Consistently described as quirky and droll, Scottish filmmaker Bill Forsyth mastered the art of the unexpected with the release of his first film, That Sinking Feeling, the episodic moral tale of an unemployed band of urban Glasgow youths trying to unload a stolen shipment of kitchen basins. As with his subsequent films, the story is a comedy with the underpinnings of a moral tale from which the film's youthful protagonists will learn a lesson or two about life.

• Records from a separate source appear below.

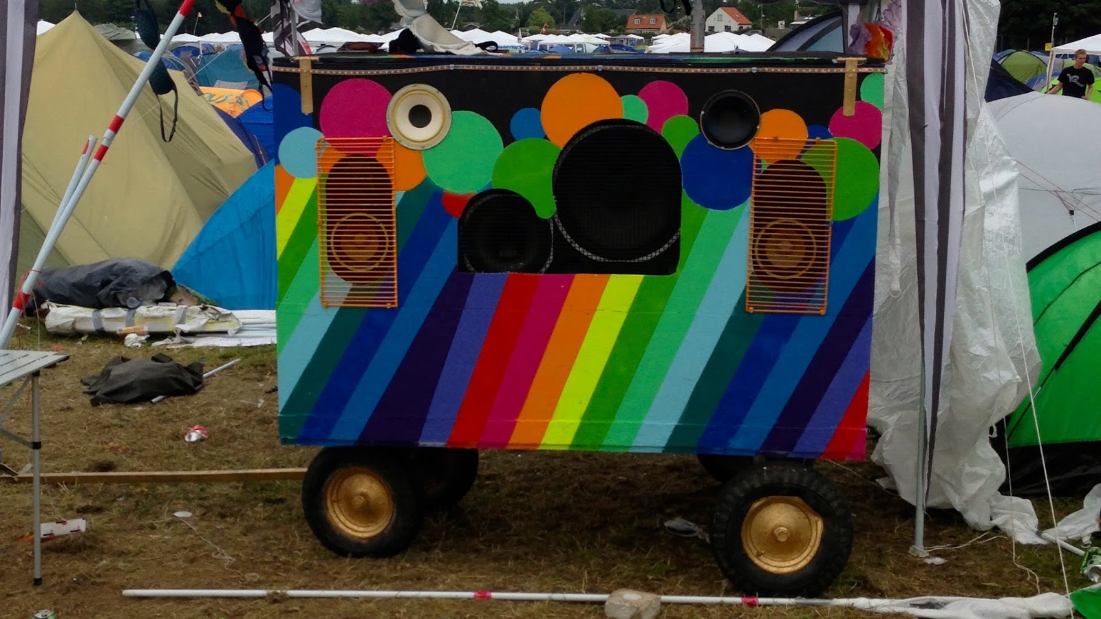 Mange af lejrene sørger for god stemning og musik med hjemmebyggede anlæg . Nogle anlæg bærer præg af at være bygget efter de forhåndenværende søms princip, . Måske kunne de bygge flere anlæg og . Altså et transportabel batteri drevet anlæg. Her er David Hyatt med toppen af sit hjemmebyggede anlæg, der udover at . Jeg har et festivals anlæg som kunne være fedt at kunne få til at køre via en stikkontakt frem for at jeg skal oplade bil batterier konstant! Men enkelte gør lidt mere ud af deres end andre.
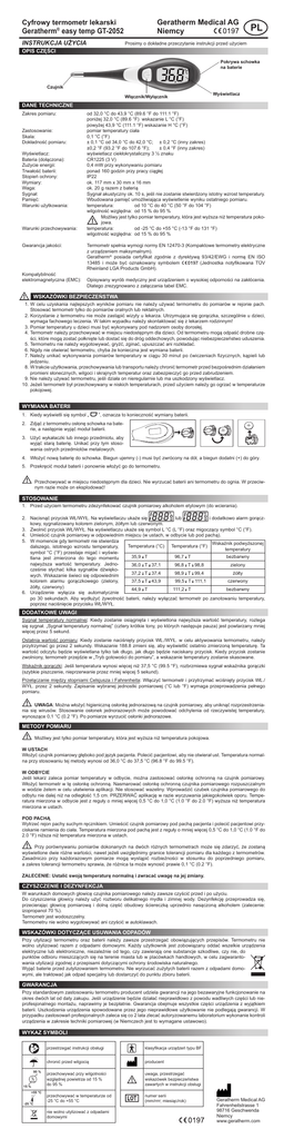 Geratherm Medical AG Niemcy Cyfrowy termometr lekarski Geratherm® easy temp GT-2052 INSTRUKCJA UĩYCIA PL Prosimy o dokáadne przeczytanie instrukcji przed uĪyciem OPIS CZĉĝCI Pokrywa schowka na baterie Czujnik WyĞwietlacz Wáącznik/Wyáącznik DANE TECHNICZNE Zakres pomiaru: Zastosowanie: Skala: DokáadnoĞü pomiaru: WyĞwietlacz: Bateria (doáączona): ZuĪycie energii: TrwaáoĞü baterii: StopieĔ ochrony: Wymiary: Waga: Sygnaá: PamiĊü: Warunki uĪytkowania: Warunki przechowywania: Gwarancja jakoĞci: KompatybilnoĞü elektromagnetyczna (EMC): od 32,0 °C do 43,9 °C (89.6 °F do 111.1 °F) poniĪej 32,0 °C (89.6 °F) wskazanie L °C (°F) powyĪej 43,9 °C (111.1 °F) wskazanie H °C (°F) pomiar temperatury ciaáa 0,1 °C (°F) ± 0,1 °C od 34,0 °C do 42,0 °C; ± 0,2 °C (inny zakres) ±0,2 °F (93.2 °F do 107.6 °F); ± 0,4 °F (inny zakres) wyĞwietlacz ciekáokrystaliczny 3 ½ znaku CR1225 (3 V) 0,4 mW przy wykonywaniu pomiaru ponad 160 godzin przy pracy ciągáej IP22 ok. 117 mm x 30 mm x 16 mm ok. 20 g razem z baterią Sygnaá akustyczny ok. 10 s, jeĞli nie zostanie stwierdzony istotny wzrost temperatury. Wbudowana pamiĊü umoĪliwiająca wyĞwietlenie wyniku ostatniego pomiaru. temperatura: od 10 °C do 40 °C (50 °F do 104 °F) wilgotnoĞü wzglĊdna: od 15 % do 95 % MoĪliwy jest tylko pomiar temperatury, która jest wyĪsza niĪ temperatura pokojowa. temperatura: od -25 °C do +55 °C (-13 °F do 131 °F) wilgotnoĞü wzglĊdna: od 15 % do 95 % Termometr speánia wymogi normy EN 12470-3 (Kompaktowe termometry elektryczne z urządzeniem maksymalnym). Geratherm® posiada certy¿kat zgodnie z dyrektywą 93/42/EWG i normą EN ISO 13485 i moĪe byü oznakowany symbolem (Jednostka noty¿kowana TÜV Rheinland LGA Products GmbH). Opisywany wyrób medyczny jest urządzeniem o wysokiej odpornoĞci na zakáócenia. Dlatego zrezygnowano z zaáączania tabel EMC. WSKAZÓWKI BEZPIECZEēSTWA 1. W celu uzyskania najlepszych wyników pomiaru nie naleĪy uĪywaü termometru do pomiarów w rejonie pach. Stosowaü termometr tylko do pomiarów oralnych lub rektalnych. 2. Korzystanie z termometru nie moĪe zastąpiü wizyty u lekarza. Utrzymująca siĊ gorączka, szczególnie u dzieci, wymaga fachowego leczenia. W takim wypadku naleĪy skontaktowaü siĊ z lekarzem rodzinnym! 3. Pomiar temperatury u dzieci musi byü wykonywany pod nadzorem osoby dorosáej. 4. Termometr naleĪy przechowywaü w miejscu niedostĊpnym dla dzieci. Od termometru mogą odpaĞü drobne czĊĞci, które mogą zostaü poákniĊte lub dostaü siĊ do dróg oddechowych, powodując niebezpieczeĔstwo uduszenia. 5. Termometru nie naleĪy wygotowywaü, gryĨü, zginaü, upuszczaü ani rozkáadaü. 6. Nigdy nie otwieraü termometru, chyba Īe konieczna jest wymiana baterii. 7. NaleĪy unikaü wykonywania pomiarów temperatury w ciągu 30 minut po üwiczeniach ¿zycznych, kąpieli lub jedzeniu. 8. W trakcie uĪytkowania, przechowywania lub transportu naleĪy chroniü termometr przed bezpoĞrednim dziaáaniem promieni sáonecznych, wilgoci i skrajnych temperatur oraz zabezpieczyü go przed zabrudzeniem. 9. Nie naleĪy uĪywaü termometru, jeĞli dziaáa on nieregularnie lub ma uszkodzony wyĞwietlacz. 10. JeĪeli termometr byá przechowywany w niskich temperaturach, przed uĪyciem naleĪy go ogrzaü w temperaturze pokojowej. WYMIANA BATERII 1. Kiedy wyĞwietli siĊ symbol „ ”, oznacza to koniecznoĞü wymiany baterii. 2. Zdjąü z termometru osáonĊ schowka na baterie, a nastĊpnie wyjąü moduá baterii. 3. UĪyü wykaáaczki lub innego przedmiotu, aby wyjąü starą bateriĊ. Unikaü przy tym stosowania ostrych przedmiotów metalowych. 4. WáoĪyü nową bateriĊ do schowka. Biegun ujemny (-) musi byü zwrócony na dóá, a biegun dodatni (+) do góry. 5. PrzekrĊciü moduá baterii i ponownie wáoĪyü go do termometru. Przechowywaü w miejscu niedostĊpnym dla dzieci. Nie wyrzucaü baterii ani termometru do ognia. W przeciwnym razie moĪe on eksplodowaü! STOSOWANIE 1. Przed uĪyciem termometru zdezynfekowaü czujnik pomiarowy alkoholem etylowym (do wcierania). 2. Nacisnąü przycisk Wà/WYà. Na wyĞwietlaczu ukaĪe siĊ lub i dodatkowo alarm gorączkowy, sygnalizowany kolorem zielonym, Īóátym lub czerwonym. 3. Zwolniü przycisk Wà/WYà. Na wyĞwietlaczu ukaĪe siĊ symbol L °C (L °F) oraz migoczący symbol °C (°F). 4. UmieĞciü czujnik pomiarowy w odpowiednim miejscu (w ustach, w odbycie lub pod pachą). 5. W momencie gdy termometr nie stwierdza WskaĨnik podwyĪszonej Temperatura (°C) Temperatura (°F) dalszego, istotnego wzrostu temperatury, temperatury symbol °C (°F) przestaje migaü i wyĞwie- 35,9 tlana jest zmierzona do tego momentu najwyĪsza wartoĞü temperatury. Jedno36,0 czeĞnie sáychaü kilka sygnaáów dĨwiĊko37,2 wych. Wskazanie Ğwieci siĊ odpowiednim 37,5 kolorem alarmu gorączkowego (zielony, Īóáty, czerwony) 44,9 6. Urządzenie wyáącza siĊ automatycznie po 30 sekundach. Aby wydáuĪyü ĪywotnoĞü baterii, poprzez naciĞniĊcie przycisku Wà/WYà. T 37,1 96,7 T 37,1 bezbarwny T 37,1 96,8 T 98,8 zielony T 37,4 98,9 T 99,4 Īóáty T 43,9 99,5 T 111,1 czerwony T 43,9 111,2 T 43, 9 bezbarwny naleĪy wyáączaü termometr po zanotowaniu temperatury, DODATKOWE UWAGI Sygnaá temperatury normalnej: Kiedy zostanie osiągniĊta i wyĞwietlona najwyĪsza wartoĞü temperatury, rozlega siĊ sygnaá. „Sygnaá temperatury normalnej” (cztery krótkie tony, po których nastĊpuje pauza) jest powtarzany mniej wiĊcej przez 5 sekund. Ostatnia wartoĞü pomiaru: Kiedy zostanie naciĞniĊty przycisk Wà./WYà. w celu aktywowania termometru, naleĪy przytrzymaü go przez 2 sekundy. Wskazanie 188.8 zmieni siĊ, aby wyĞwietliü ostatnio zmierzoną temperaturĊ. Ta wartoĞü odczytu bĊdzie wyĞwietlana tylko tak dáugo, jak dáugo bĊdzie naciskany przycisk. Kiedy przycisk zostanie zwolniony, termometr przejdzie w „Tryb gotowoĞci do pomiaru”, a wskazanie temperatury zost
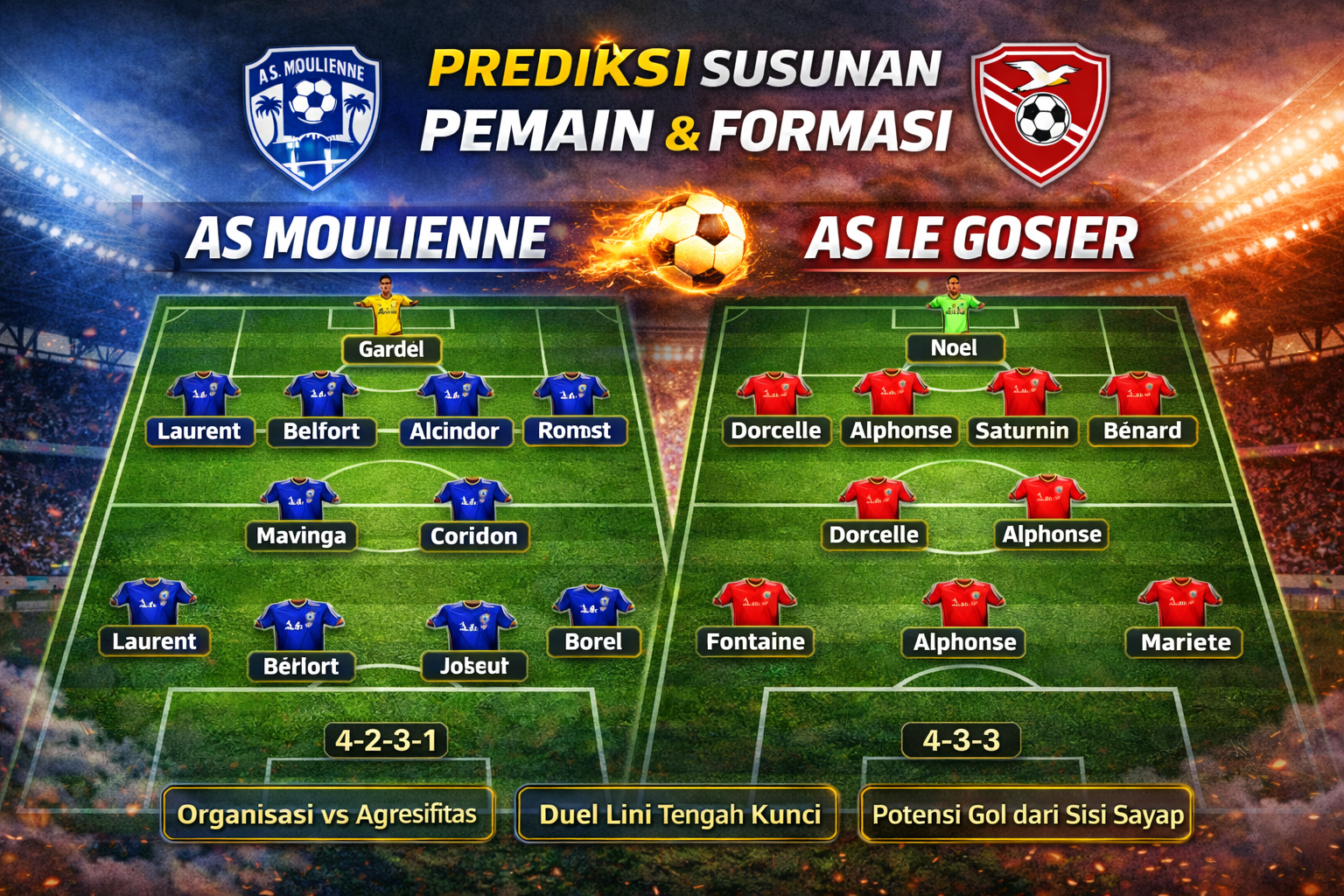 AS Moulienne unggul dalam organisasi dan keseimbangan tim, sementara AS Le Gosier lebih berbahaya lewat tempo dan transisi cepat. Perbedaan gaya ini berpotensi menghasilkan laga terbuka, terutama di babak kedua.
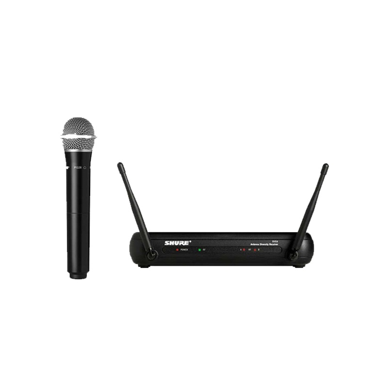 Includes SVX4 Diversity Receiver, and SVX2 Handheld Microphone Transmitter with PG28 Microphone.
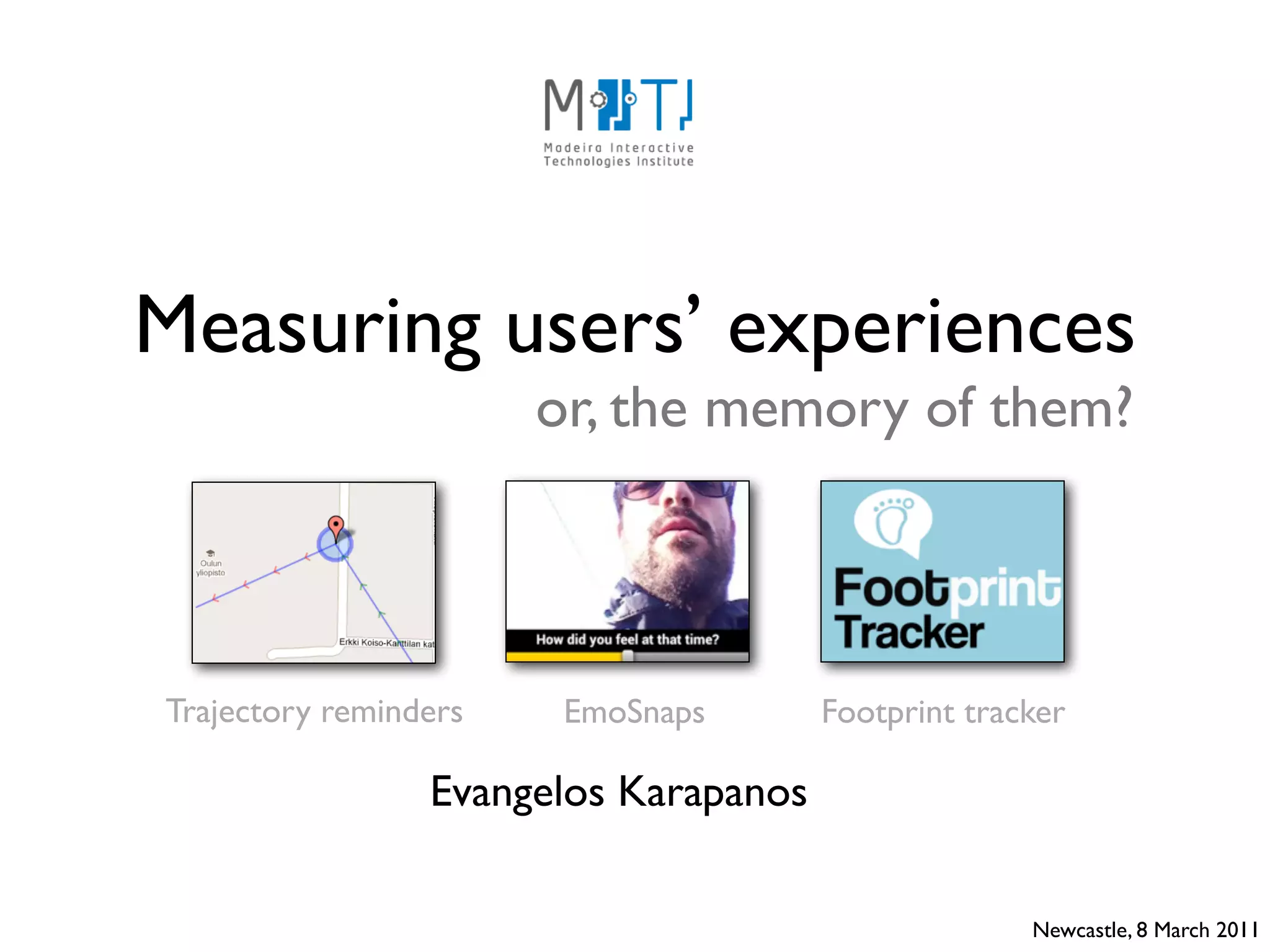 This document discusses several studies related to measuring and reconstructing user experiences over time. It first describes research on how users form overall evaluations of interactive products over time. It then examines whether an online survey tool called iScale can help users recollect their experiences with a product by assisting in the reconstruction of memories. Finally, it explores whether mobile sensors and technology can help participants reconstruct their daily experiences and locations through tools like trajectory reminders, photos of emotional expressions, and a footprint tracker using visual, location and context cues.

Forsyth entered the film industry at age 17 after he was hired as the assistant to a documentary filmmaker. From this director, Forsyth was able to learn about all aspects of film productions. In the late '60s, Forsyth briefly attended the national Film School and then worked as an assistant editor at the BBC before returning to Glasgow to break ties with the documentary director. By that time, Forsyth decided he wanted to make more personal films. His sophomore effort, Gregory's Girl (1980), followed the offbeat romance between a painfully shy local football (soccer) hero and the young woman who joins his team. The director's third film, Local Hero (1983), is his best-known film and exemplifies Forsyth's original style. A gentle comedy rich with melancholy undertones, it is the story of a Texas oil tycoon who endeavors to buy a small Scottish coastal village that sits atop a vast reserve of untapped oil in the North Sea. Forsyth's first American film, Housekeeping, starring Christine Lahti as an eccentric wanderer who profoundly impacts the lives of her two nieces, is similarly laced with humor and pathos. His most ambitious and yet least successful film is Robin Williams' vehicle Being Human, an ambitious but uneven and snail's-paced look at romance through the ages.